__Aim of the task__:
Please output exactly the lines below, starting at the line that has "1949年5月上海,1949" and ending at the line that has "Maria Crown Ring", both included; leave out all pictures and include nothing else.

__Records shown__:
##############################

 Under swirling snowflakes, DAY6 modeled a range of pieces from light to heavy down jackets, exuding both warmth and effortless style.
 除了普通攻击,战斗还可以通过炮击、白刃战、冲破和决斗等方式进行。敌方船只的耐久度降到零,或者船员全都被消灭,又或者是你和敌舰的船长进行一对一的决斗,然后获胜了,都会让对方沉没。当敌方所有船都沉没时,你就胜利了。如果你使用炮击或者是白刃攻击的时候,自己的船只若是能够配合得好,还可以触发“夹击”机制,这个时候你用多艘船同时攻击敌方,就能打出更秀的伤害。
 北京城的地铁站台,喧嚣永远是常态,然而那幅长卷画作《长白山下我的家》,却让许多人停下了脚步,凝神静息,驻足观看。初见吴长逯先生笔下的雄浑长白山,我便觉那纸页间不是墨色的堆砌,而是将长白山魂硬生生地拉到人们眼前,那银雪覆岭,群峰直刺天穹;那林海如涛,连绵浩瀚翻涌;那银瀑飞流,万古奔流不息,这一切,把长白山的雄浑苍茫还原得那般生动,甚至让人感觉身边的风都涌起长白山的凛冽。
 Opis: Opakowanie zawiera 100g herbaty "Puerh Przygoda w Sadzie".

##############################

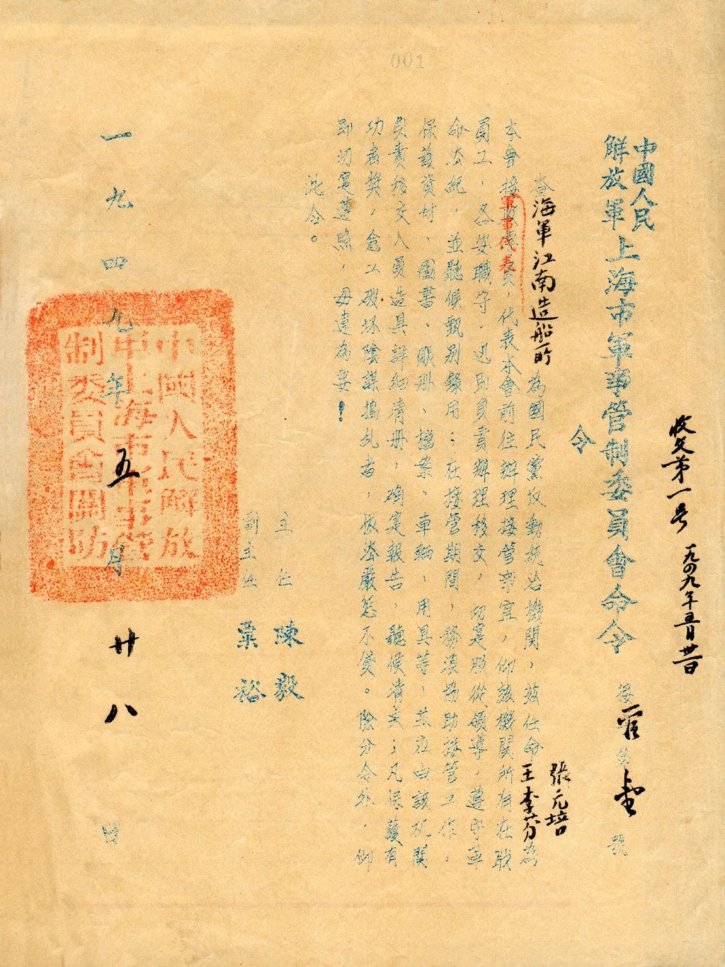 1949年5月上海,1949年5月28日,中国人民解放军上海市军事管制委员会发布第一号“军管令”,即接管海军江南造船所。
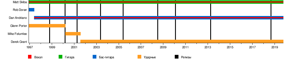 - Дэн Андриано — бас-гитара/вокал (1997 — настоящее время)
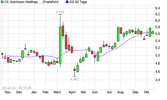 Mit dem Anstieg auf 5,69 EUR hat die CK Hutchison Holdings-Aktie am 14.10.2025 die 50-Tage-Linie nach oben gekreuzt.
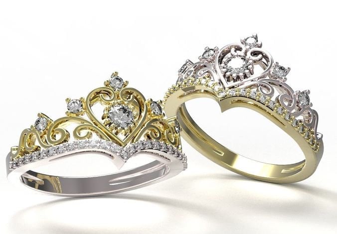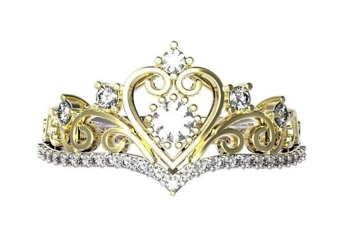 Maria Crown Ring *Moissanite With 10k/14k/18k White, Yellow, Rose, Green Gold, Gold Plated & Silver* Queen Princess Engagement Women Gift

##############################

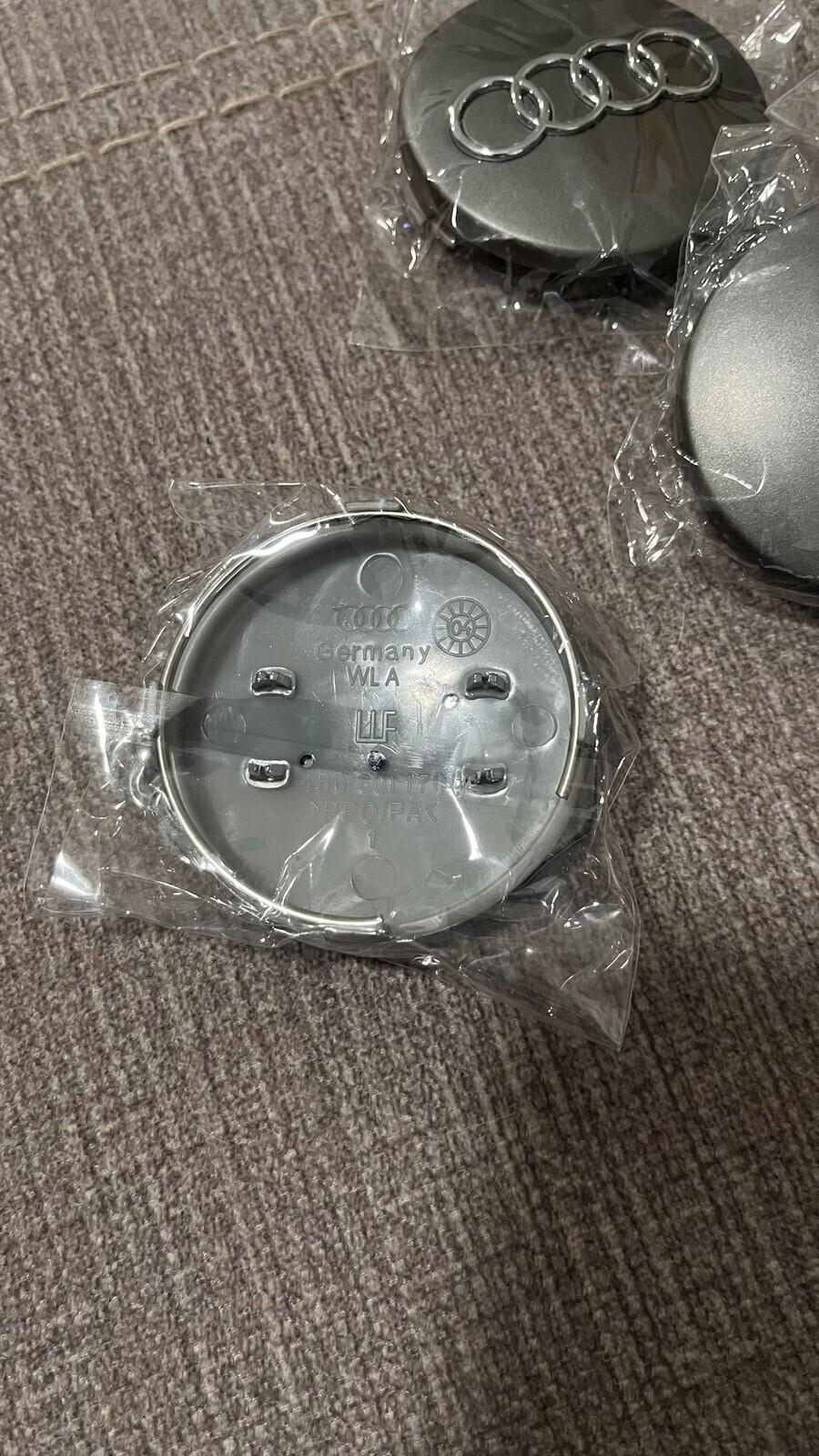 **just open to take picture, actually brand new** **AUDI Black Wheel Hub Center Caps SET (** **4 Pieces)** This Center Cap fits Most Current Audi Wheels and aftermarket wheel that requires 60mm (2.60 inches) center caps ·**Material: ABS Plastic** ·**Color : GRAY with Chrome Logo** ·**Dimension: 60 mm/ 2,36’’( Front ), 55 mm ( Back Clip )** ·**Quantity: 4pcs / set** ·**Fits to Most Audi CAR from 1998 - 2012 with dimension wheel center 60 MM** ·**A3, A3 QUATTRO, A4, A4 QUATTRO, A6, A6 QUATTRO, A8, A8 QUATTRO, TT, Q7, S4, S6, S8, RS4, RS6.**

##############################

__Result of this exercise__:
 1949年5月上海,1949年5月28日,中国人民解放军上海市军事管制委员会发布第一号“军管令”,即接管海军江南造船所。
 - Дэн Андриано — бас-гитара/вокал (1997 — настоящее время)
 Mit dem Anstieg auf 5,69 EUR hat die CK Hutchison Holdings-Aktie am 14.10.2025 die 50-Tage-Linie nach oben gekreuzt.
 Maria Crown Ring *Moissanite With 10k/14k/18k White, Yellow, Rose, Green Gold, Gold Plated & Silver* Queen Princess Engagement Women Gift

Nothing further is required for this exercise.